TASK DETAILS
Look through the records below for the line holding "其中,山東和新疆的發展速度更". Write it out exactly, with each following line through the line holding "Stainless Steel Prep".

(Stored items from a collection)

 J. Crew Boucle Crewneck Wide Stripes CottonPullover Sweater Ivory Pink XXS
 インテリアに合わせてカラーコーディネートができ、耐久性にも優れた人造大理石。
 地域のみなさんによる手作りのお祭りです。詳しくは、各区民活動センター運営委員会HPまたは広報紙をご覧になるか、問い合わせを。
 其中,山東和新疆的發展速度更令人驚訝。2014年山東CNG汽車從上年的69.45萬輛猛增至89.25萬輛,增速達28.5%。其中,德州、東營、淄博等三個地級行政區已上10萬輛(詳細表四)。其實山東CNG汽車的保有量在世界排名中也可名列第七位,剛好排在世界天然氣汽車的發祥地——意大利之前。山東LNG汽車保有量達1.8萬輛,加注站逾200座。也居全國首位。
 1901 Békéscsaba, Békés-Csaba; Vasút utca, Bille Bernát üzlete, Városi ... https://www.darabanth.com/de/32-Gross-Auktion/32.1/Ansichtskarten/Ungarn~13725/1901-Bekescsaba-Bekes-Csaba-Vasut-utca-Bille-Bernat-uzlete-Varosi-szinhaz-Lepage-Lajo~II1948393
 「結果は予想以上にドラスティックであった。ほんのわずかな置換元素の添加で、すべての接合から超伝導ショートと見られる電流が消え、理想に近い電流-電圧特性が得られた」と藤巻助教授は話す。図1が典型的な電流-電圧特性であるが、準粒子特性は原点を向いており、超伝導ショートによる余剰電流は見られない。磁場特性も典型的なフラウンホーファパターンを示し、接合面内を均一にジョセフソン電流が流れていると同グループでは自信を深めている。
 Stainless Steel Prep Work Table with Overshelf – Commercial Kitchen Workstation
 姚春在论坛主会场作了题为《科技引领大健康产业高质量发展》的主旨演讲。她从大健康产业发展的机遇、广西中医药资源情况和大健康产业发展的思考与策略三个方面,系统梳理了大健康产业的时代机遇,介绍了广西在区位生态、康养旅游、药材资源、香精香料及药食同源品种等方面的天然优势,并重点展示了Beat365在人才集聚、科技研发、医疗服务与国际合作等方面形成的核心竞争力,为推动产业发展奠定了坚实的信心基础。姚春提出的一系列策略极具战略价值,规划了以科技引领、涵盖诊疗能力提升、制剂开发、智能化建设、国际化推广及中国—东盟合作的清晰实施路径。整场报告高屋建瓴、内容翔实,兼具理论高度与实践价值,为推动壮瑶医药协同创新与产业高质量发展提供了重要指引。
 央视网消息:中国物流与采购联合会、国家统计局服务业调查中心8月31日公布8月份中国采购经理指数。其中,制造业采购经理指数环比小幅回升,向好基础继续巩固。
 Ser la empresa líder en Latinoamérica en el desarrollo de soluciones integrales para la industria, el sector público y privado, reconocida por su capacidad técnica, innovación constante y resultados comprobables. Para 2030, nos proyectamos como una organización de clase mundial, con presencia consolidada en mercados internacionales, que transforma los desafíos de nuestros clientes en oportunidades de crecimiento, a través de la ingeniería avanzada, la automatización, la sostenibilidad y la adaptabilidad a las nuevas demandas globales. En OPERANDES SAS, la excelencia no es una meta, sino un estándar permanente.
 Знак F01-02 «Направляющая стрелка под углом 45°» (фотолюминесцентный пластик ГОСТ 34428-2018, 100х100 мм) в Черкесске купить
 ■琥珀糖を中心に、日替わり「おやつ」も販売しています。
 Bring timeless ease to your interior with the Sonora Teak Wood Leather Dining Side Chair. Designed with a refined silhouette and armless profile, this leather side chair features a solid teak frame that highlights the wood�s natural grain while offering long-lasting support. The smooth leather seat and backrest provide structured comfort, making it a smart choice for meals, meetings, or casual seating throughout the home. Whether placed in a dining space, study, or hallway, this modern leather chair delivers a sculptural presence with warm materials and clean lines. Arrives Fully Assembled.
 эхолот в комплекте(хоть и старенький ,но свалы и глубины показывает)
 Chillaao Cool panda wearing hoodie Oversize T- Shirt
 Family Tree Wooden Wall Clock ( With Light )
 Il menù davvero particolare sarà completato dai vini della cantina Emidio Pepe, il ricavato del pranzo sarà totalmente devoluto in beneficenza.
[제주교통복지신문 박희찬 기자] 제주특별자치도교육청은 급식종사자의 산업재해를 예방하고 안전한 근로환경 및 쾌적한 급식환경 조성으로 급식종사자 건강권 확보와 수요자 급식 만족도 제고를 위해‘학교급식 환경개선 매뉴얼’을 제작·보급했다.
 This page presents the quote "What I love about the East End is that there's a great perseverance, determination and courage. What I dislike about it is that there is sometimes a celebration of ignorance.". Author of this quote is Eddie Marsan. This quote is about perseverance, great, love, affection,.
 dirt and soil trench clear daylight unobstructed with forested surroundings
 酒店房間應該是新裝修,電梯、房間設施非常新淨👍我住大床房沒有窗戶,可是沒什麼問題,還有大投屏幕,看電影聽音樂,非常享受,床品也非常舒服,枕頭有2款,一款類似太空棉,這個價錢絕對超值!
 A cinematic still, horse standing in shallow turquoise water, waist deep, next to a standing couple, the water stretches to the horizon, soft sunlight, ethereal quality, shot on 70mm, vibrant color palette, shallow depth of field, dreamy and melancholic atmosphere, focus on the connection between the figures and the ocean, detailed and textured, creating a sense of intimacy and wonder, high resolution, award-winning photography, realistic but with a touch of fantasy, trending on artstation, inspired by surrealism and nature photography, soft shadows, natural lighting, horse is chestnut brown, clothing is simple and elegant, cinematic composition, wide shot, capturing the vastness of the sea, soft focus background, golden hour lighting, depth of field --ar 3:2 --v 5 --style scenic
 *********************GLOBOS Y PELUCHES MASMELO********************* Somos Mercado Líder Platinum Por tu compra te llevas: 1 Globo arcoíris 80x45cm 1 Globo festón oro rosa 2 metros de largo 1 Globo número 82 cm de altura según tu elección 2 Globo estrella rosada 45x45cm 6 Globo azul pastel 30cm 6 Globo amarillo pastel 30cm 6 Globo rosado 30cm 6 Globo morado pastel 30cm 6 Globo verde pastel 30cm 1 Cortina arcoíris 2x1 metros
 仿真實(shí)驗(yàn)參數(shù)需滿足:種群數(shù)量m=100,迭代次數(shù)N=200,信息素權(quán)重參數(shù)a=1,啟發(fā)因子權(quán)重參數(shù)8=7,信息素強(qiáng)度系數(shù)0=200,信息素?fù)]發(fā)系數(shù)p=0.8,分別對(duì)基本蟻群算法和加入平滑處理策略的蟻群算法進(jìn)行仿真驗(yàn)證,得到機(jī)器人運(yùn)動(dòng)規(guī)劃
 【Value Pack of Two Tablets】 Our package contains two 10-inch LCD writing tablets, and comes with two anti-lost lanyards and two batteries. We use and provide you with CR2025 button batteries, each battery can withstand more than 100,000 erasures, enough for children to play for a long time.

EXERCISE SOLUTION
 其中,山東和新疆的發展速度更令人驚訝。2014年山東CNG汽車從上年的69.45萬輛猛增至89.25萬輛,增速達28.5%。其中,德州、東營、淄博等三個地級行政區已上10萬輛(詳細表四)。其實山東CNG汽車的保有量在世界排名中也可名列第七位,剛好排在世界天然氣汽車的發祥地——意大利之前。山東LNG汽車保有量達1.8萬輛,加注站逾200座。也居全國首位。
 1901 Békéscsaba, Békés-Csaba; Vasút utca, Bille Bernát üzlete, Városi ... https://www.darabanth.com/de/32-Gross-Auktion/32.1/Ansichtskarten/Ungarn~13725/1901-Bekescsaba-Bekes-Csaba-Vasut-utca-Bille-Bernat-uzlete-Varosi-szinhaz-Lepage-Lajo~II1948393
 「結果は予想以上にドラスティックであった。ほんのわずかな置換元素の添加で、すべての接合から超伝導ショートと見られる電流が消え、理想に近い電流-電圧特性が得られた」と藤巻助教授は話す。図1が典型的な電流-電圧特性であるが、準粒子特性は原点を向いており、超伝導ショートによる余剰電流は見られない。磁場特性も典型的なフラウンホーファパターンを示し、接合面内を均一にジョセフソン電流が流れていると同グループでは自信を深めている。
 Stainless Steel Prep Work Table with Overshelf – Commercial Kitchen Workstation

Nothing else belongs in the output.